Devor, Daniel C., Ashvani K. Singh, Robert J. Bridges, and Raymond A.
Frizzell.
Department of Cell Biology and Physiology, University of
Pittsburgh, Pittsburgh, PA 15261
APStracts 3:0329C, 1996.
We evaluated the effects of the psoralens on Cl- secretion (Isc)
across T84 monolayers. Methoxsalen failed to increase Isc on its own.
However, several observations suggest that the psoralens open cystic
fibrosis transmembrane conductance regulator (CFTR) Cl- channels.
First, following activation of the Ca2+-dependent basolateral
membrane K+ channel (KCa) by either 1-ethyl-2-benzimidazolinone (1
-EBIO) or thapsigargin, methoxsalen (10 (M) further increased Isc.
Second, when added prior to carbachol, methoxsalen potentiated the
Isc response to carbachol as predicted if it increased apical GCl.
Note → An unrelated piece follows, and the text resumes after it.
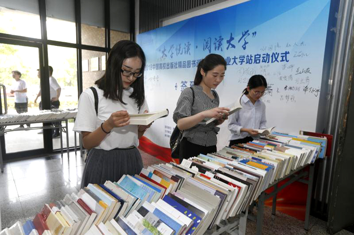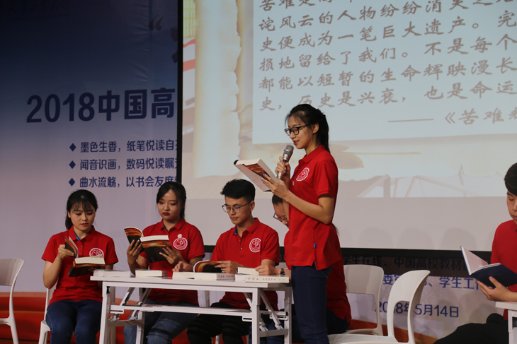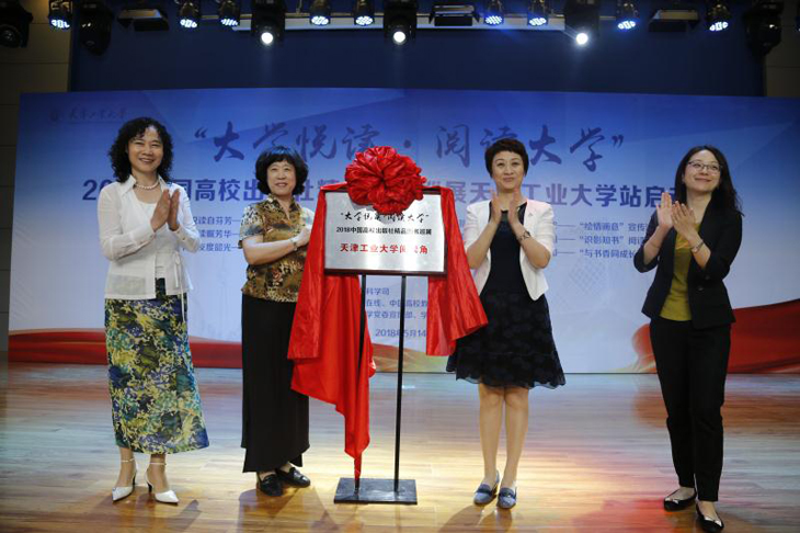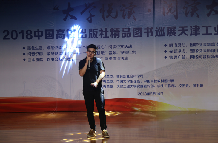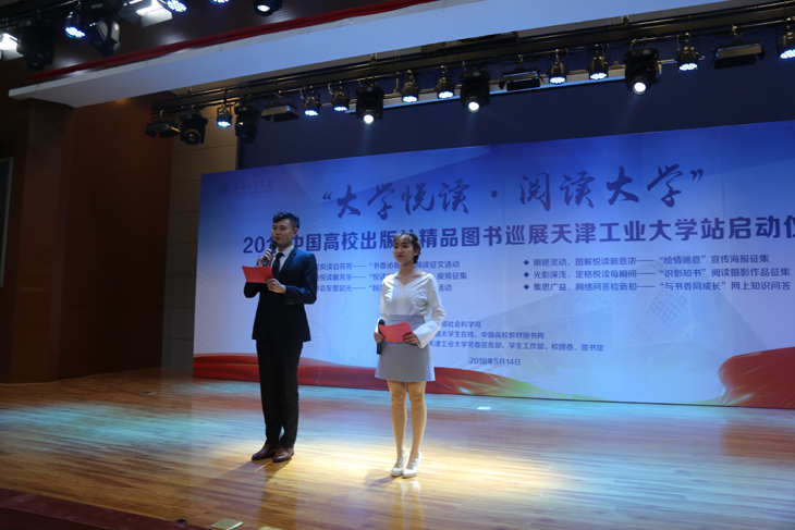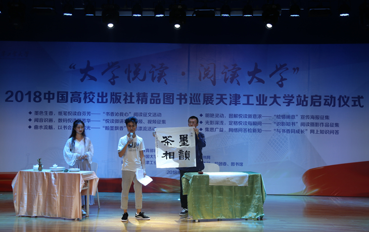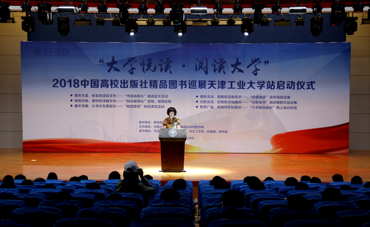 教育部社科司教学与出版处调研员林丽,天津工业大学校党委副书记刘亚男,中国大学生在线副主任姬林,中国高校教材图书网负责人浑燕珍等领导和嘉宾出席了启动仪式。校党委宣传部、党校、学工部、教务处、团委、图书馆负责人,各学院领导、学生代表共300余人参加。校党委宣传部部长王军杰主持启动仪式。 天津工业大学校党委书记连洁同志十分关心本次活动,她会前寄语同学们多读书读好书,切实用习近平新时代中国特色社会主义思想武装头脑。 天津工业大学刘亚男副书记致辞。她现场讲解了习近平总书记酷爱读书的品格和读书的心得,希望同学们以习近平总书记为榜样,在新时代读万卷书,行万里路。刘亚男副书记提出,一是感谢并期望教育部社科司、中国大学生在线、中国高校教材图书网提供更多的平台和资源;二是希望学校各级部门、各个学院能够组织丰富多彩的读书活动,使读书成为学校的一种时尚追求;三是希望同学们多读书,读好书;联系实际,知行合一。希望同学们牢记习总书记嘱托,将阅读作为一种信仰去追求,让阅读蔚然成风。 教育部社会科学司教学与出版处调研员林丽介绍了“大学悦读•阅读大学”系列活动的设立初衷、开展情况以及取得的丰硕成果。她希望大学生珍惜在校期间的美好时光博览群书,更好地做到习近平总书记所提出的“勤学、修德、明辨、笃实”,才能正确认识世界和中国发展大势,正确认识中国特色和国际比较,全面客观认识当代中国、看待外部世界,正确认识时代责任和历史使命,正确认识远大抱负和脚踏实地,使自己成长为国家的栋梁之才,真正成为担当民族复兴大任的时代新人;她希望通过这个活动,能够进一步促进大学出版社把社会效益放在首位,积极引导大学的人才培养、科学研究、社会与文化传承创新和国际交流合作,不忘初心,牢记宗旨和使命,为大学生健康成长和全面发展多出精品、多出好书,这是高校出版社的责任和使命,也有助于大学出版社在全行业当中起到引领和示范作用;她还希望主办方大学生在线和中国高校教材图书网进一步发挥好桥梁和纽带的作用,及时将高校师生的阅读需求和高校出版社的精品力作做好连接。 随后,林丽、刘亚男、姬林、浑燕珍共同为“大学悦读•阅读大学” 2018中国高校出版社精品图书巡展天津工业大学阅读角揭牌。 接下来是天津工业大学师生用心创意的读书和文艺展演节目,“青马”学子以“学习之路,读习总书记的书”为主题带来了激动人心的朗诵,将经典书籍的魅力传递给台下每一位学子;该校阅读之星代表朗诵的《文韵乡愁》,充分展现了当代大学生的追梦情怀;才艺表演环节,帅气男生独唱《经典咏流传》大气磅礴;书法、茶艺表演《墨韵茶香》,意境悠远,让大家在欢笑与憧憬中充分感受到中华优秀传统文化博大精深的无穷魅力。 “大学悦读•阅读大学”中国高校出版社精品图书巡展活动自2014年以来已成功举办五届,五年来,活动走进了中国人民大学、陕西师范大学、武汉大学、云南民族大学、北京师范大学等一千两百余所高校,带去了大学出版社25702本精品图书,数十万高校师生广泛参与,在高校师生中产生了广泛的影响,得到了社会各界的普遍关注,构建了书香校园,推动了全民阅读。
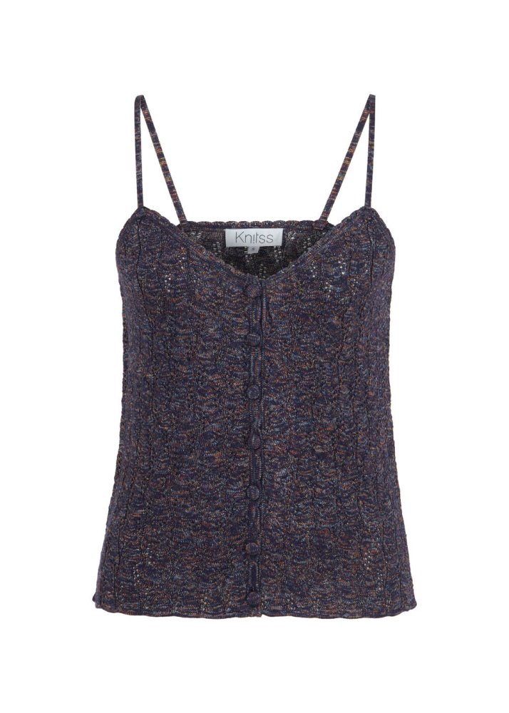 Düğme Kapamalı Mor Triko Üst

Finally, following the establishment of a mucosa-to-serosa Cl-
gradient, and permeabilization of the basolateral membrane with
nystatin, the psoralens increased ICl, which was inhibited by
glibenclamide. In contrast, neither TS-TM calix[4]arene nor Cd2+,
inhibitors of outwardly-rectifying Cl- channels and the CIC-2 Cl-
channel, respectively, inhibited the psoralen-induced ICl. In
contrast to their effects on apical GCl, the psoralens failed to
significantly affect the basolateral membrane K+ conductance, GK;
subsequent addition of 1-EBIO induced a large increase in GK. Also,
in excised patches, methoxsalen failed to activate KCa. In addition
to potentiating the peak response to carbachol, the psoralens induced
a secondary, sustained response. Indeed, when added up to 60 minutes
following the return of the carbachol-induced Isc to baseline, the
psoralens induced a sustained Isc. This sustained response was
inhibited by atropine, demonstrating the requirement for continuous
muscarinic receptor activation by carbachol. This sustained response
was inhibited also by verapamil, removal of bath Ca2+, and
charybdotoxin (CTX). These results suggest that the return of ISC to
baseline after carbachol stimulation is not due to down-regulation of
Ca2+ influx or KCa. Finally, we obtained similar results with the
psoralens in both rat colon and primary cultures of murine tracheal
epithelium. Based on these observations, we conclude that the
psoralens represent a novel class of Cl- channel openers which can be
used to probe the mechanisms underlying Ca2+-mediated Cl- secretion.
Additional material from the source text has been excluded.